Ottawa's 13-stop, 12.5-kilometre Confederation Line has been under construction for more than six years and missed four deadlines.
More than 50 years ago, the City of Montreal managed to build a complex, 26-stop subway system — including a connection below the St. Lawrence River — in less than five years, on time and on budget.
So how was Montreal able to pull off a project twice the size, and do it in less time?
1. Keeping deadlines
The City of Montreal designed and built its $213-million Metro with an eye on Expo 67, and in a 1963 interview then mayor Jean Drapeau promised the rubber-tired subway would be ready in time and on budget.

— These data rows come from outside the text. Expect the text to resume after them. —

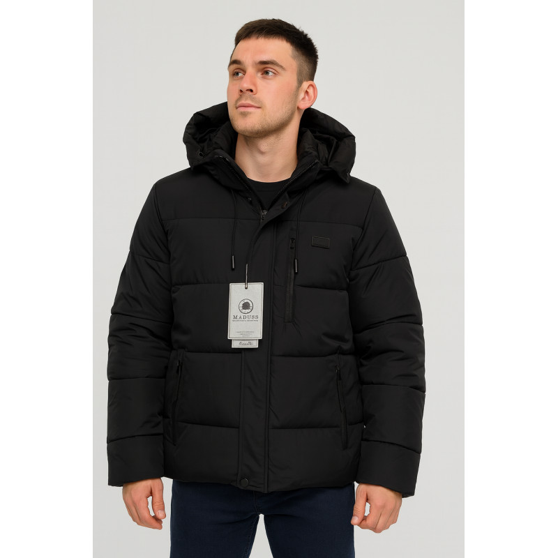 Куртка зимняя мужская M.A.D.I.S.S. короткая, двухцветная, с манжетами, тёплый холофайбер,Черный,M
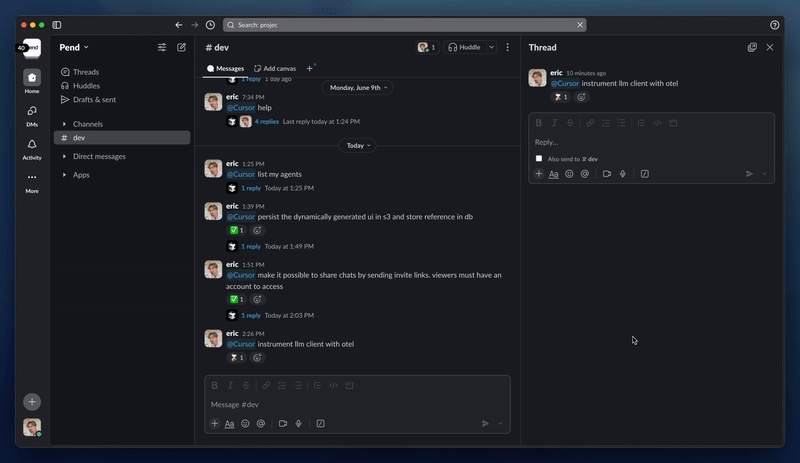 Customize with commands: Use advanced options like @Cursor [branch=main] [model=o3] [prompt] to specify which branch, AI model, and repository to work with. The agent reads entire thread context, so your team's discussion becomes part of the coding instructions.
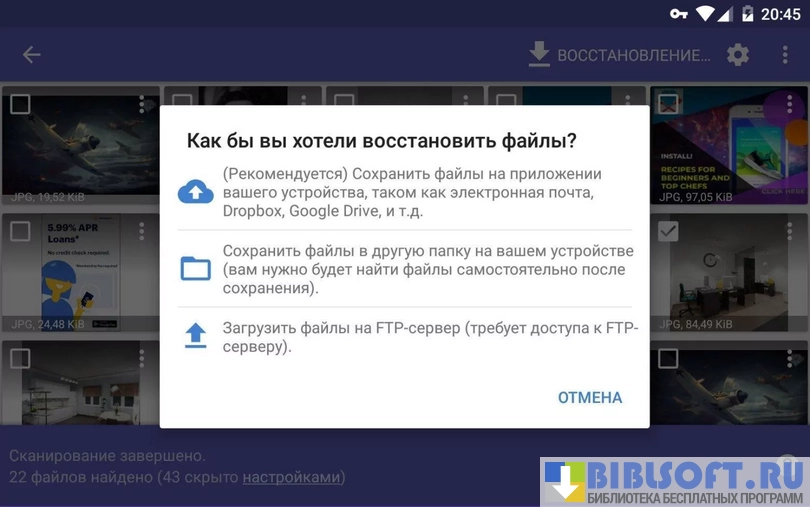 - отправка восстановленных файлов по электронной почте или в облачное хранилище;
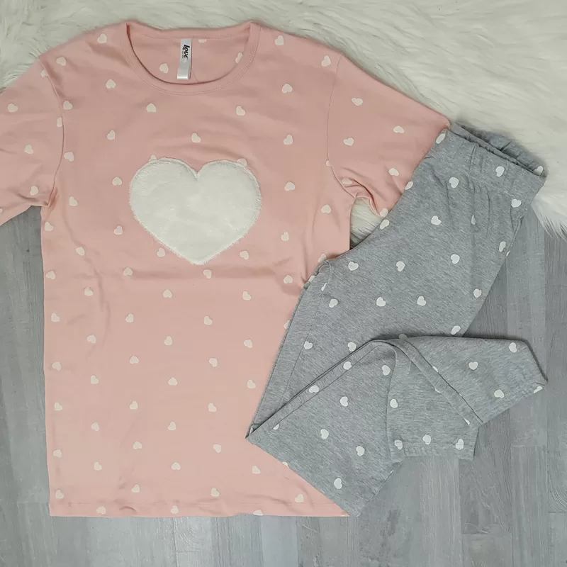 Ženska pižama 37799 z dolgimi rokavi in hlačami. Zgornji del je v nežno roza barvi s srčki, na sredini je prišito večje kosmateno srce v beli barvi. Spodnji del ima patent in je v sivi barvi z belimi srčki.
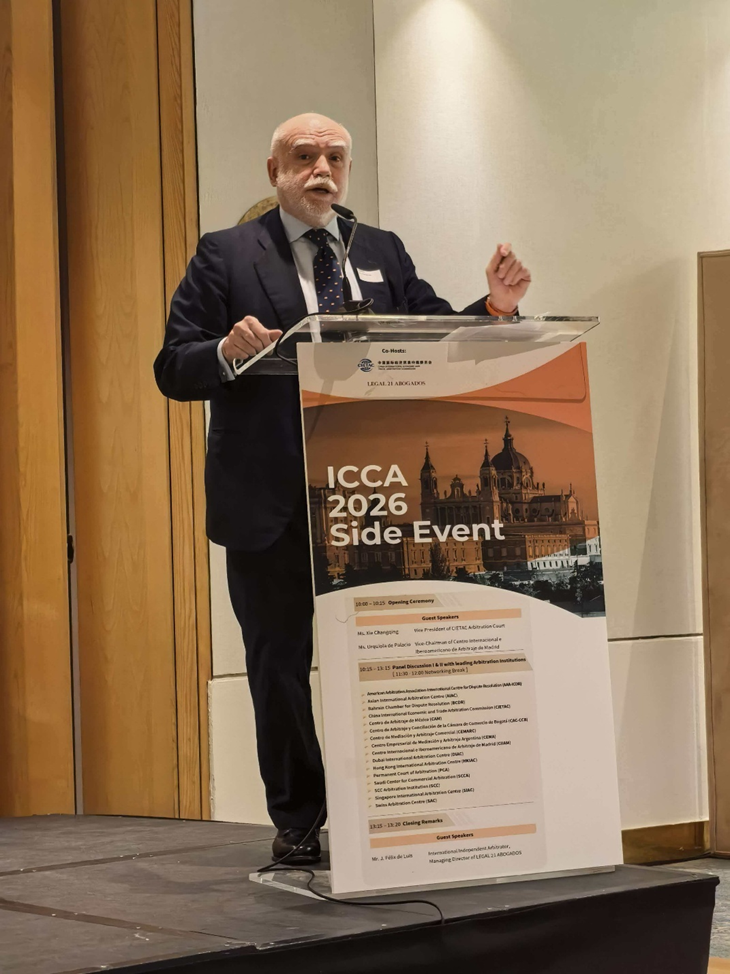 Urquiola de Palacio副主席在致辞中表示,马德里作为国际仲裁的重要舞台,非常荣幸能够迎来来自全球16家仲裁机构的代表。她高度评价贸仲在推动东西方仲裁交流方面所作出的努力,并期待中西仲裁界以及伊比利亚美洲与亚洲仲裁机构之间能够以此次会议为契机,进一步加强对话与合作,共同探索国际仲裁融合发展的新路径。

Drapeau delivered, and the Metro opened in 1966.
Ottawa Mayor Jim Watson made no such promises. However, he had originally hoped to have the above-ground portion of the Confederation Line completed by Canada Day 2017, and for the trains to be up and running by the following spring.
The Rideau Street sinkhole put a wrench in those plans.
2. Different safety standards
According to Benoît Clairoux, the Montreal Transit Corporation's unofficial historian, 70 per cent of the Metro's tunnels were blasted through the rock using explosives. The rest involved ripping up streets or vacant lots.
Ottawa's $2.1-billion system is less disruptive, at least on the surface: its 2.5-kilometre tunnel was dug entirely with three subterranean boring machines.
The Montreal project was also marred by a series of serious construction accidents, claiming the lives of 12 workers before the first trains ran.
With more stringent safety standards, the Confederation Line project has seen a few injuries, but no fatalities.
"We want to ensure that during construction and after, we always have something safe and reliable," said OC Transpo spokesperson André Brisebois.
3. Different technology
You might assume that as technology advances, the length of time it takes to complete such major infrastructure projects shrinks. But you'd be wrong.
According to Brisebois, the Confederation Line is a much more sophisticated system than the Montreal Metro when it was first introduced.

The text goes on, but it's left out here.